19鱗目:お勉強!竜娘!
ん……むぁ……
「ふぁ……んにゃあ……よく寝たぁ……」
今何時だろ……ってうわ、もう9時だ!こんな寝坊するなんて久しぶりだぁ……
尻尾を抱っこしたままゆっくりと起き上がり、枕元の目覚まし機能は全く使われてない目覚まし時計を確認した僕は、普段なら起きている時間に驚いてしまう。
「じゃないじゃない、驚いてる場合じゃない。急いで千紗お姉ちゃんの朝ごはん作んないと。10時には千紗お姉ちゃん三浦先生達の場所に行かなきゃなんだから」
明日からは気をつけよう。うん。
ーーーーーーーーーー
「おい鈴香!」
「ひゃい!」
「よかった。なんかずっとボーッとなっててびっくりしたぞ」
「あれ?僕そんなぼーっとしてました?」
体感的には数十秒くらいだったんだけど……
「そんなも何も、検査が終わってから1時間経ってる間ずっとボーッとなってたぞ?大丈夫か?」
「うそそんなに?!」
やばい、思ったよりも時間経ってた!
体感よりも数百倍時間が経っていた事を三浦先生に教えてもらった僕は、驚きのあまりそう言うと同時に尻尾をピンと立ててしまう。
「……本当に大丈夫か?」
「あ、はい!大丈夫です三浦先生!別におかしい所は何一つ無いです!」
「そ、そうか。それならいいんだ。おう」
ーーーーーーーーーー
「すっずちゃーん!お姉ちゃんと遊ぼー!」
「あ、千紗お姉ちゃん」
夜、むぎゅーっと恒例の抱きつきを千紗お姉ちゃんから貰いつつそう言われた僕は、前ならノリノリで遊んだはずなのに今は全然気乗りせず……

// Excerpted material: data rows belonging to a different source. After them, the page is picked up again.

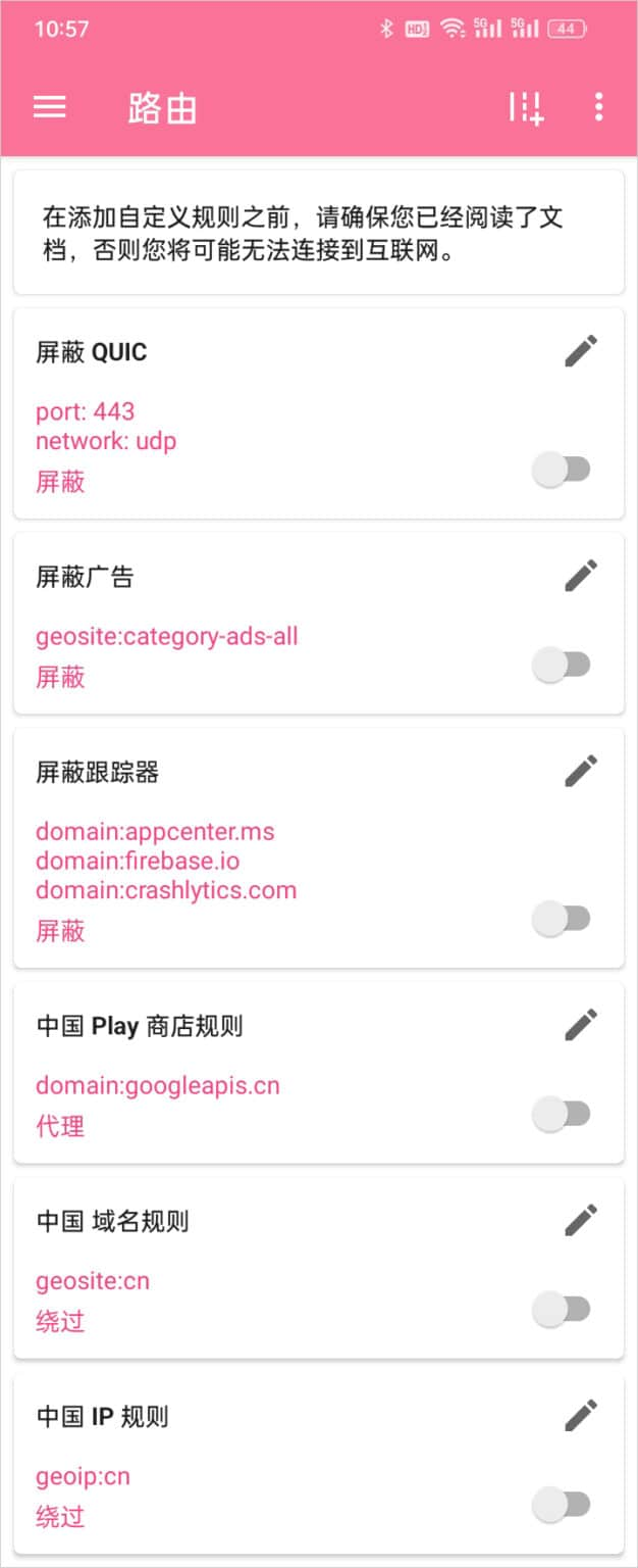 进入路由设置页面后,可以看到软件的各种路由规则,如下图所示: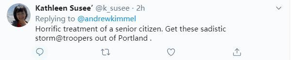“他们这样对待一个老人,真是令人毛骨悚然。应该把这些凶残的边境巡逻警察赶出波特兰。”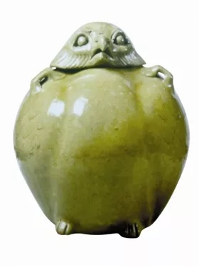在陶器烧造的过程中,古人悟出了制瓷的方法。从商周创烧出原始青瓷,经过工艺的不断改进,到东汉在南方烧出成熟青瓷,其间经历了一千多年的历史。苏州东吴博物馆收藏的青瓷鹰尊,专家们认为是三国东吴时期生产的青瓷精品,被文物部门定级为一级甲等国宝级文物。这件鹰尊在六朝青瓷中十分罕见,显示出魏晋南北朝时期中国青瓷烧造艺术的最高水平,是件难得一见的稀世珍宝。鹰尊通高26.6、底径13.6厘米。鹰体作器身,鹰头为器盖,肩贴四系,肩刻双翼,两爪及尾稳稳着地。釉色莹润,青中泛黄,望上去如同一汪春水映碧荷。整个器型显得十分庄重威严。最具匠心的设计是精雕细刻、形象生动的头部,双目圆睁,灼灼有神,勾喙锐利,羽毛历历。国家博物馆的陶鹰尊开口于背,无盖。而苏州东吴博物馆收藏的青瓷鹰尊,则以鹰头为盖。看去犹如稳稳屹立于高山岩崖之上的一只神鹰,而头部可时时灵活转动,傲视宇宙人间。身静而头动,更显大气、霸气、王者之气,可谓青瓷鹰塑神品!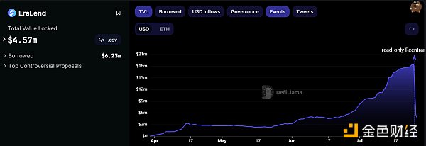 據DeFiLlama數據顯示,僅一天時間,EraLend 的TVL就從1851 萬美元下跌至457萬美元,單日暴跌約1400萬美元,降幅高達75.32%。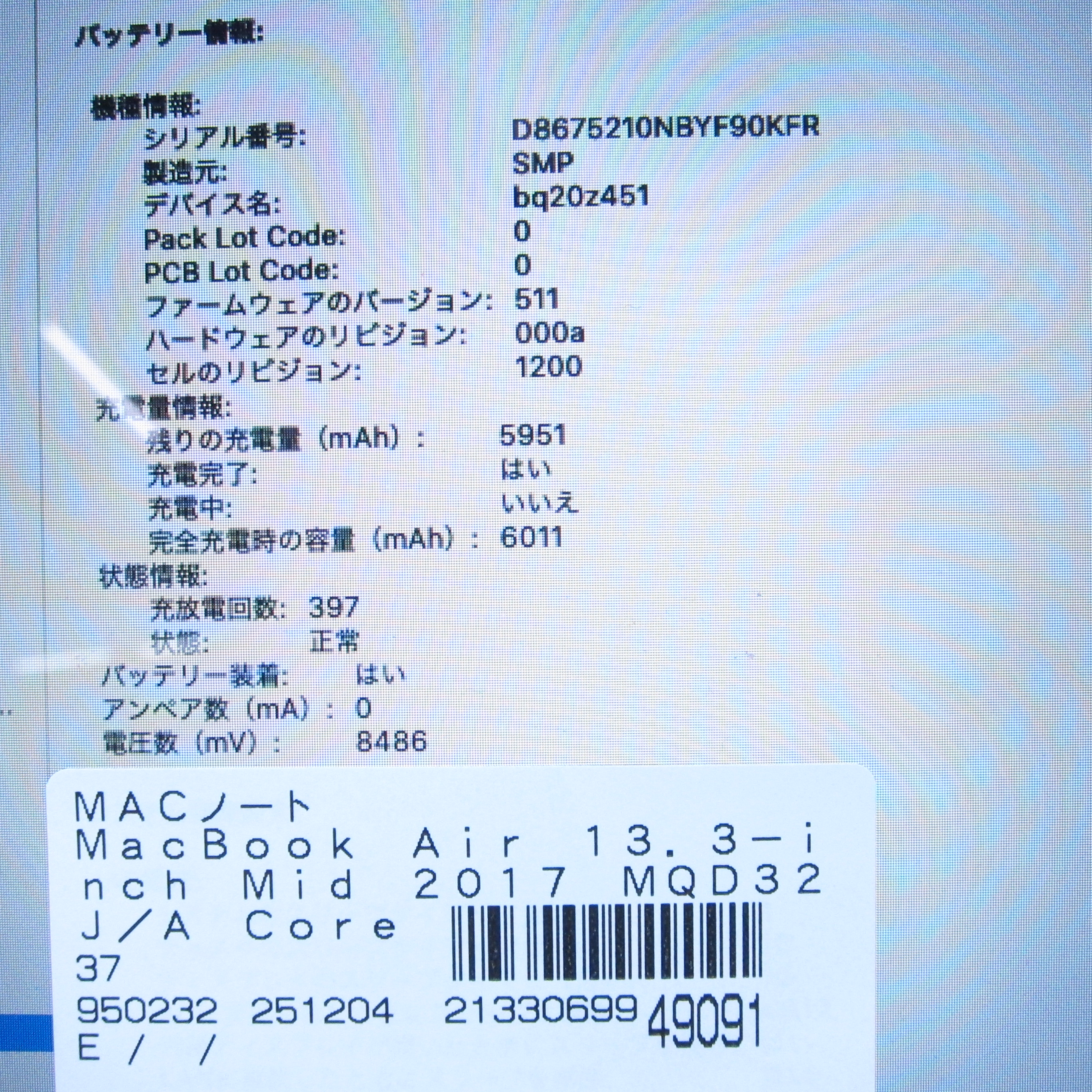 〔中古品〕 MacBook Air 13.3-inch Mid-2017 MQD32J/A Core_i5 1.8GHz 8GB SSD128GB 〔10.15 Catalina〕 [グラフィック:Intel HD Graphics 6000/JISキーボード]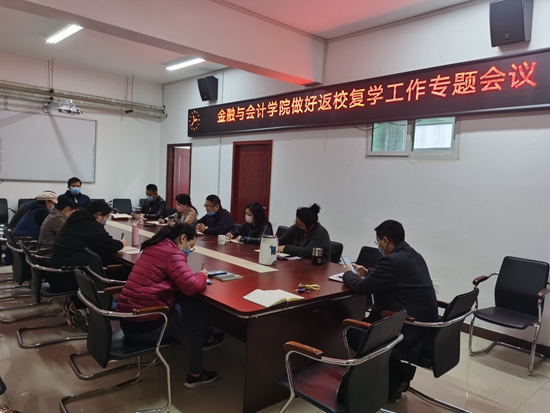 4月18日下午,金融与会计学院在SY5412会议室召开做好返校复学工作专题会议,会议深入学习了省教育厅《关于进一步做好全省高等学校有序返校复学工作的通知》精神及学校有关做好返校复学工作会议精神,全院科级以上干部参加会议。会议由院长宋建涛主持。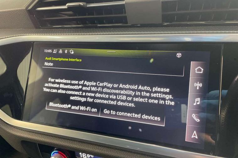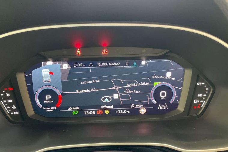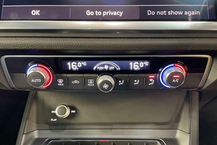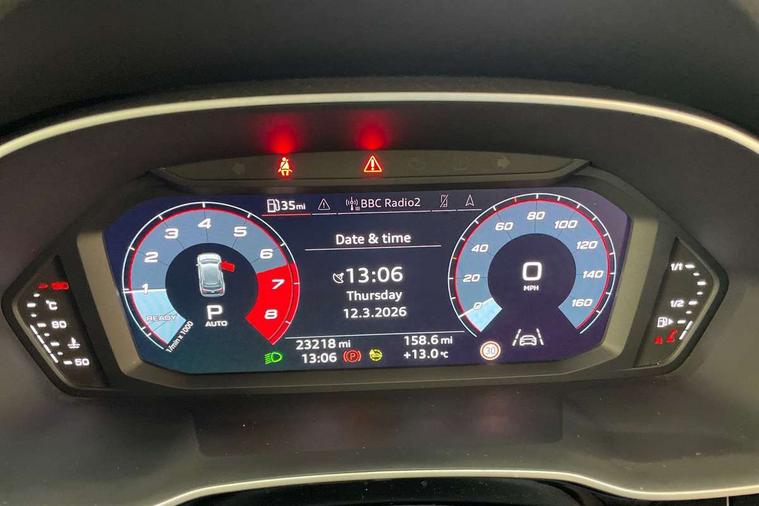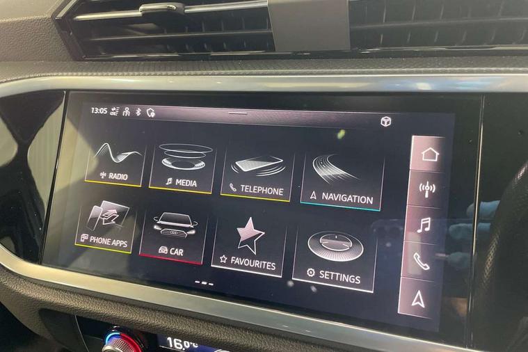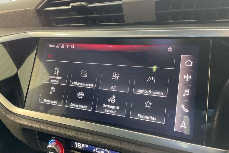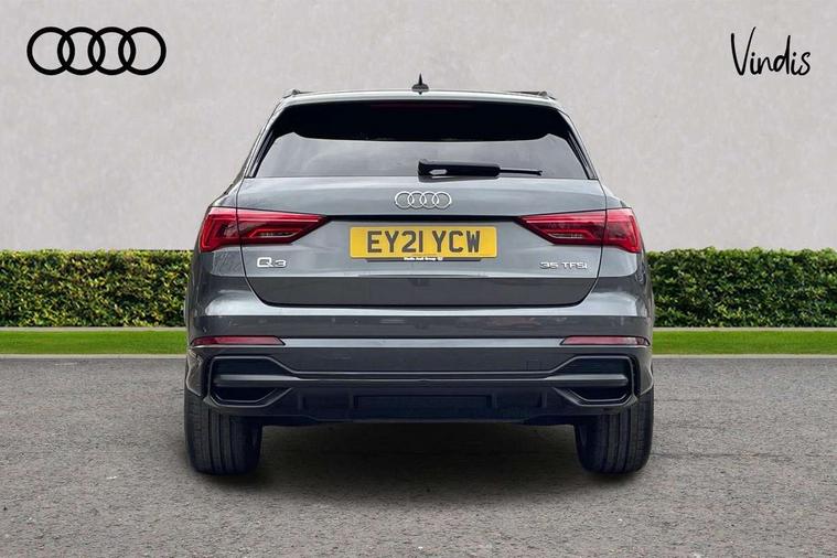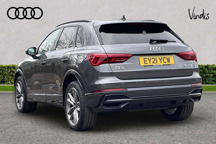 Audi connect safety and service (e-call), Audi drive select, Audi lane departure warning, Audi Virtual Cockpit - 10.25" display, Bluetooth interface, Camera based traffic sign recognition, MMI Navigation Plus with high resolution 10.1 inch touchscreen colour display, Power operated tailgate, Progressive steering, Service interval indicator, Smartphone interface includes wireless Apple carplay/Android Auto, Start stop system with recuperation, Voice control system with natural language interaction, 48V Mild hybrid technology, Sports suspension, 2 USB-C ports with charge and data functions, 6 passive loudspeakers, DAB digital radio module, Acoustic windscreen, Auto dimming frameless rear view mirror, Black roof rails, Electrically folding, adjustable and heated door mirrors with integrated LED side indicators and kerb view function for passenger side, Front and rear electric windows, Front fog lights, High gloss black finish B and C pillars, LED headlights with LED daytime running lights and dynamic rear indicator, LED rear lights, Privacy glass dark tinted rear and rear-side windows (from B-pillar backwards), Rain and light sensors, Rear diffuser strip in matt titanium black, S line bumpers in contrasting Manhattan grey, 12V socket in rear centre console, 40:20:40 folding with manual adjustment for 60:40 forwards/backwards position and backrest angle, Adjustable rear seat bench/backrest with centre armrest and cupholder, Black cloth headlining, Dual zone electronic climate control, Front and rear black floor mats with contrast stitching in rock grey, Front and rear headrests, Front and rear roof module including reading lights, Front centre armrest, Glove compartment lighting, Height and reach adjustable steering wheel, Illuminated door sill trims with S logo, ISOFIX child seat mounting for front passenger with airbag deactivation and outer rear seat including top tether attachment point for outer rear seats, Luggage compartment light, Manual front seats with height adjustment, Perforated leather gearknob, Stainless steel luggage compartment sill finisher, Stainless steel pedals, Black styling pack - Q3, Non smoking pack - Q3, 3x3 point rear seatbelts, 6 airbags - Driver, front passenger, curtain and side windows, Audi pre-sense front with pedestrain and cyclist recognition, Electrically operated child locks on rear doors, Electromechanical parking brake, Electronic stabilisation control including ABS, ASR and EDL, Hill descent control, Hill hold assist, Pre sense basic, Seatbelt monitoring, Tyre pressure warning, Warning triangle and first aid kit, Anti theft alarm, Anti theft wheel bolts, Remote central locking, Detail dashboard around MMI touch colour display in glass look, black with surround in aluminium look, Leatherette door armrest, Piano black inlay, Tool kit, Tyre repair kit,
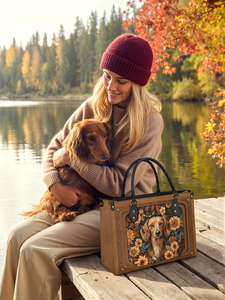 Autumn Gaze is a rich tapestry of earthy elegance — a soulful dachshund surrounded by warm-toned daisies and rustic foliage, all framed in a tooled leather-inspired border. The deep browns, amber golds, and forest greens bring a quiet depth, like a crisp fall afternoon wrapped in love.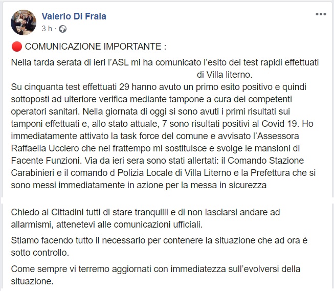 Questo quanto apprendiamo dal Sindaco F.F. di Villa Literno Valerio Di Fraia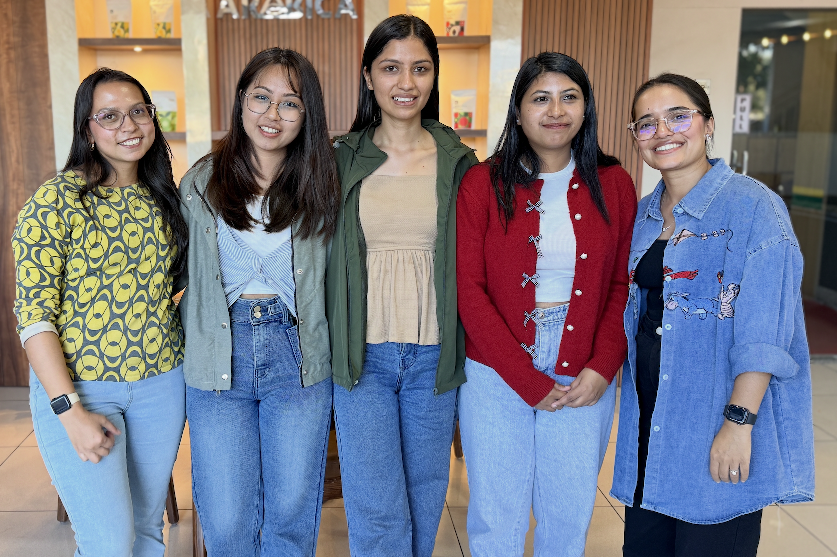 From L-R: Program Coordinator, Astha Sharma, alumni, Kriti Prajapati, Pratima Dawadi, Yunika Bajracharya, (all working at IT companies), and Melisha Ghimire, Managing Director, Code Rush. Yunika is creating an AI chatbot to connect Nepali women in remote areas with legal assistance.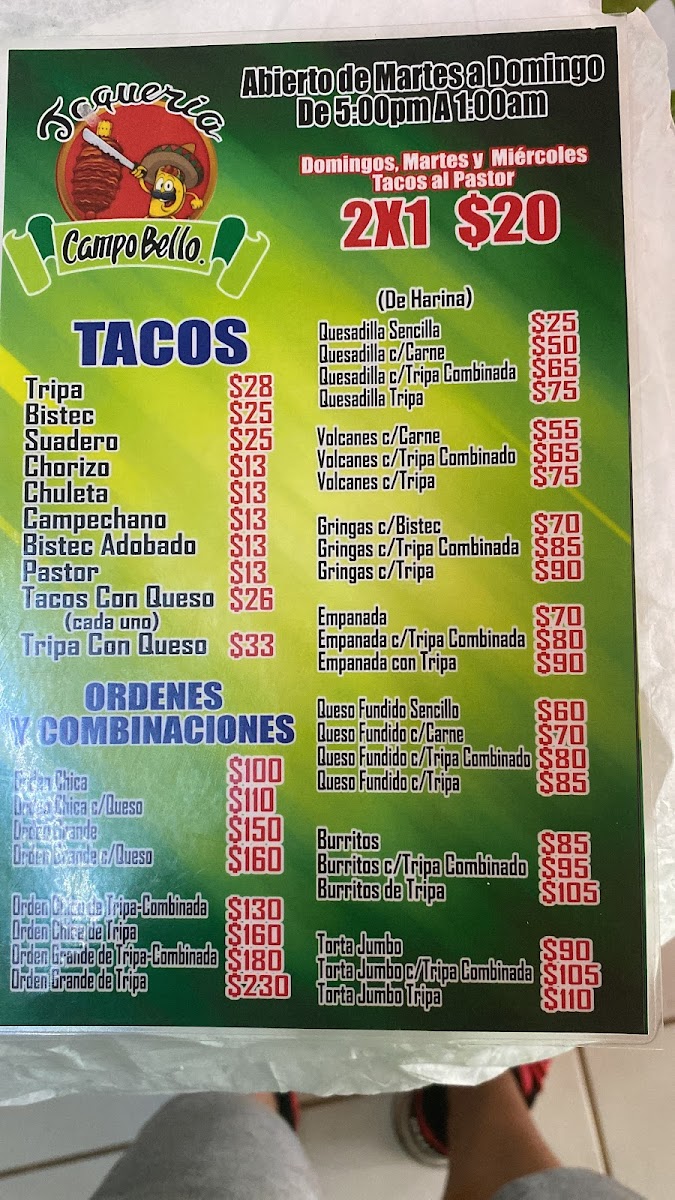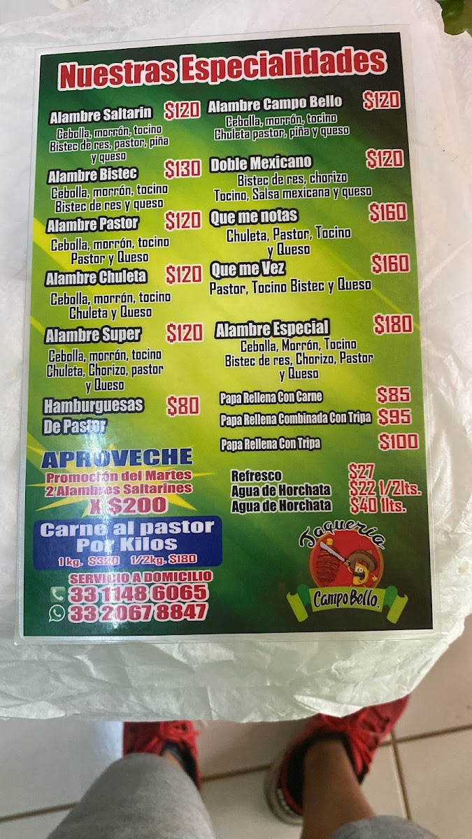 Introducing the menu at Taquería Campo Bello, nestled in the heart of Bauhina 5, Fraccionamiento Campo Bello, this Mexican eatery has earned rave reviews for its exceptional flavors and generous portions. Customers repeatedly highlight the excellent taste of the dishes, especially the beloved alambres especial. With a focus on freshness, every bite bursts with flavor, making it a local favorite.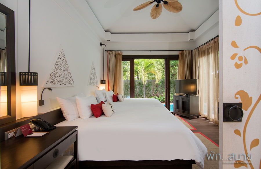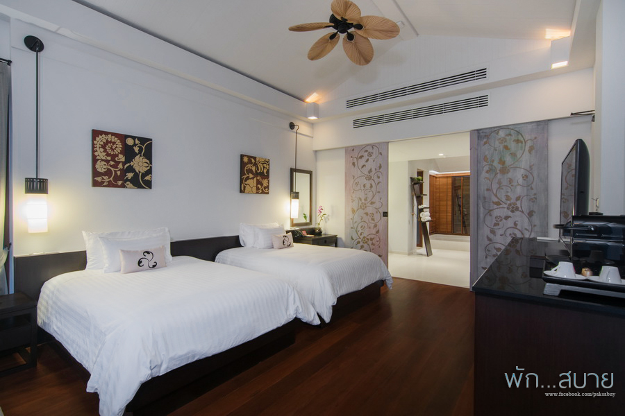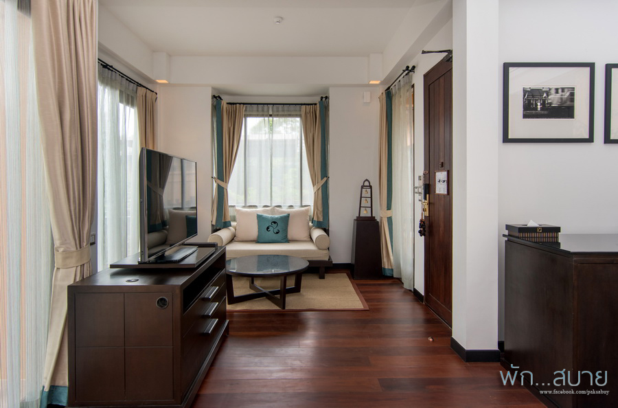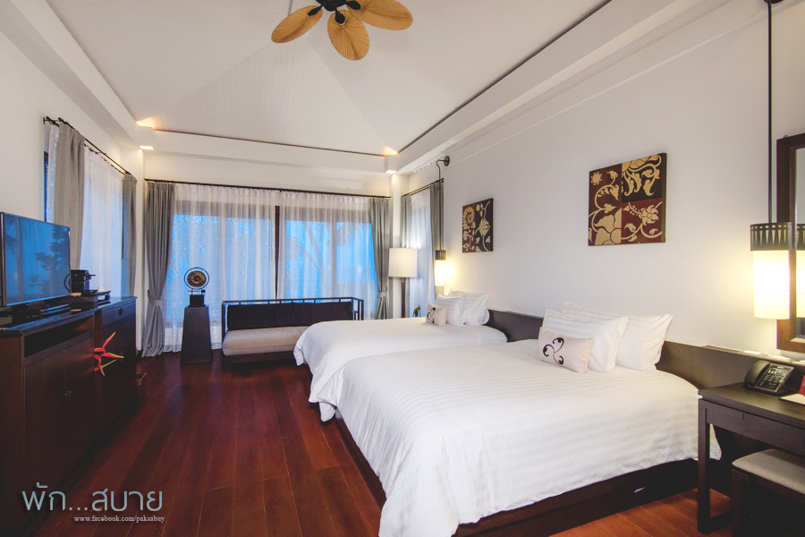 แม้จะเป็นห้องเริ่มต้นก็มีขนาดถึง 120 ตรม เรียกว่ามีขนาดใหญ่กว่าห้องเริ่มต้นของโรงแรมทั่วไปถึง 3 เท่า ( 35-40 ตรม ) ใหญ่เทียบเท่ากับห้องพักของไอบิสต่อกันถึง 6 ห้องทีเดียว การตกแต่งภายในห้องพักเป็น ไทยประยุกต์ผสมผสาน วิวก็จะเป็นวิวสระว่ายน้ำฮะ มีสองชั้น แนะนำชั้นล่างฮะ สำหรับคนสุงอายุ เพราะ วิวก็ไม่ได้ต่างกันหรอก จะได้ไม่ต้องขึ้นลงบันไดให้เหนื่อย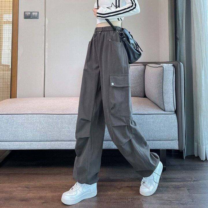 黑色洗水棉束脚工装长裤女款春夏季小个子美式休闲阔腿两穿运动裤

「なんだか面ど……じゃなくて体がダルいし、また明日でいい?」
「体がダルい?大丈夫?三浦さんに見てもらう?」
「いや別にそこまでじゃないし、大丈夫だよ大丈夫」
「……本当に?」
「ほんとほんと、んじゃ僕寝るねー。おやすみっ」
そう言って僕は慣れた様に尻尾と翼を寝る時の形に持っていき、さっさと布団を被って寝てしまう。
そしてそんな僕を、千紗お姉ちゃんはじっと見つめていたのだった。
そして翌日────
ーーーーーーーーーー
「よし、鈴香。今日から勉強をしよう」
「勉強?」
なんで唐突に……
「……まぁ、いいですけど」
午前9時、朝イチで三浦先生に呼び出された僕は三浦先生からのその提案に、首と尻尾を傾けつつも二つ返事で承諾する。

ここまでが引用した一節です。